ГЕЛЬБУРГ: Да, с ценой все в порядке, но…

КЕЙЗ: Я еще раз прошелся там мимо, думаю после некоторого ремонта это было бы отличное представительство для Гарвардского клуба.

ГЕЛЬБУРГ: Да, здание красивое. Но сам для себя я еще не окончательно уверился и хотел бы сказать по этому поводу пару слов… если вы, конечно, ни сию минуту выходите в море.

КЕЙЗ: Несколько минут у меня еще есть. Давайте, выкладывайте.

ГЕЛЬБУРГ: … Пока не забыл… Мы получили очень милое письмо от Жерома.

Никакой реакции со стороны Кейза.

От моего сына.

КЕЙЗ: Ах да! Как у него дела?

ГЕЛЬБУРГ: Они посылают его в форт Силл: читать лекции по артиллерии.

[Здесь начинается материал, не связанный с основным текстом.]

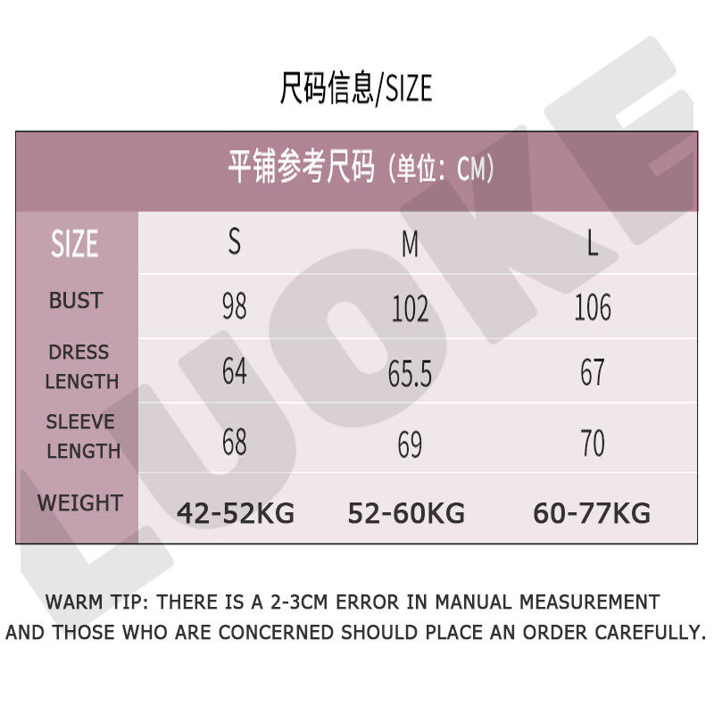 Size:L Bust:106cm Dress length:98cm Sleeve Length:28.5cm weight:60-77kg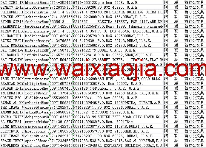 阿聯(lián)酋采購商名單數(shù)據(jù)為Excel格式,信息可任意修改、復制、打印、導出及導入到傳真、郵件群發(fā)等軟件中,無任何限制。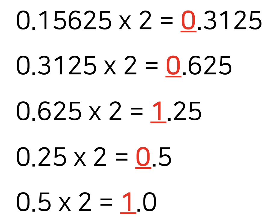 즉, 0.15625를 2진수로 나타내면 0.00101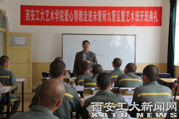 (本网讯)4月1日,艺术与传媒学院爱心帮教走进陕西省未成年犯管教所九管区暨艺术班开班典礼在未管所九管区会议室举行,未管所副所长,艺术学院工业设计系、美术学系相关教师及学生志愿者参加活动。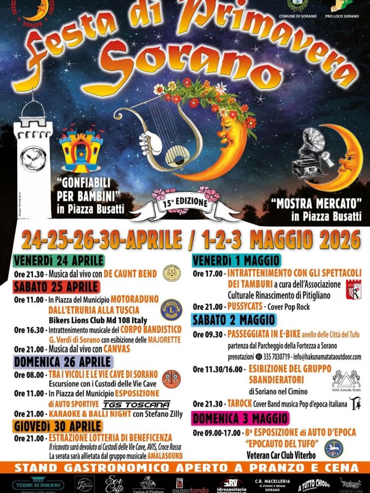 Potrete scoprirete suggestivi insediamenti rupestri, borghi e fortificazioni medievali (Pitigliano, Sovana e Sorano), secoli di storia e tutti i sapori di un terra generosa che produce olio e vino di altissima qualità!

КЕЙЗ: Ну, вот видите! Отлично!.. Значит, у него, действительно, намерение сделать карьеру в армии.

ГЕЛЬБУРГ: (удивлен, что Кейз этого не понял). Ну, конечно!

КЕЙЗ: Ну, и прекрасно. Удивительно, для представителя вашего народа… Я-то думал, что речь идет только об обучении.

ГЕЛЬБУРГ: О, нет. В этом его жизнь. Я не знаю, как вас и благодарить.

КЕЙЗ: Я сделал это с радостью. Там, в Вестпойнте, им явно не повредит кое-кто из ваших людей, чтобы немножко привнести жизни в их лавочку. Так как же с 611?

ГЕЛЬБУРГ: (излагает, полный достоинства). Возможно, вы еще помните, что в связи с несколькими домами мы заключали с фирмой «ABC» договоры на работы по прокладке коммуникаций?

КЕЙЗ: «ABC»? Не помню. А какое это имеет отношение к делу?

ГЕЛЬБУРГ: Они сидят по соседству, сразу за Бродвеем. У меня было такое странное предчувствие, и я отправился к мистеру Либфройенду, шефу «ABC». Я хотел узнать, работали ли они и для «Уонамейкерз» тоже.

КЕЙЗ: «ABC»? Не помню. А они какое имеют к этому отношение?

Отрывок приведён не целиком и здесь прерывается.